Top of Given information
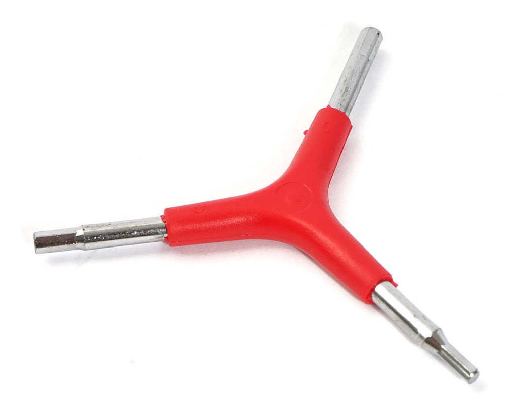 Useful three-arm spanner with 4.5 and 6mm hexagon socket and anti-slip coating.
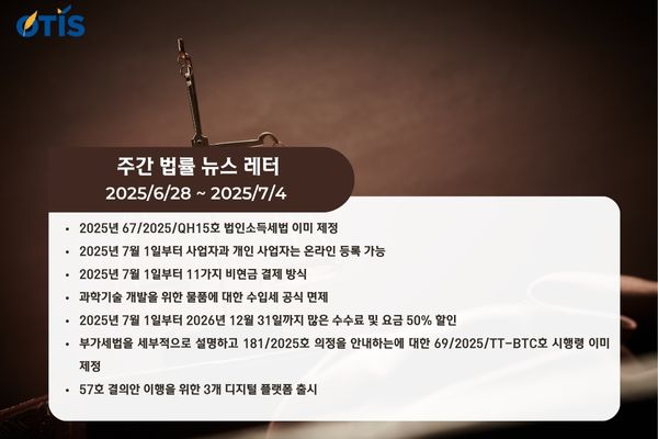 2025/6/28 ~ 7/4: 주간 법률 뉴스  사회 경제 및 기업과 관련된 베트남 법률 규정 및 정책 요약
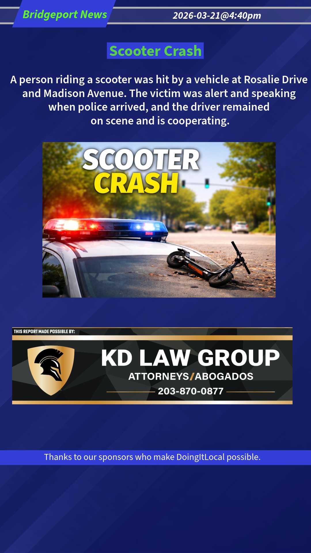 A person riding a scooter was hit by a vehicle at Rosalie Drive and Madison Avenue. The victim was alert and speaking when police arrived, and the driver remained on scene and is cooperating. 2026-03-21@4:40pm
Bottom of Given information
Task to carry out - In the answer, the data should reappear exactly, with no pictures.

Problem solution -
 Useful three-arm spanner with 4.5 and 6mm hexagon socket and anti-slip coating.
 2025/6/28 ~ 7/4: 주간 법률 뉴스  사회 경제 및 기업과 관련된 베트남 법률 규정 및 정책 요약
 A person riding a scooter was hit by a vehicle at Rosalie Drive and Madison Avenue. The victim was alert and speaking when police arrived, and the driver remained on scene and is cooperating. 2026-03-21@4:40pm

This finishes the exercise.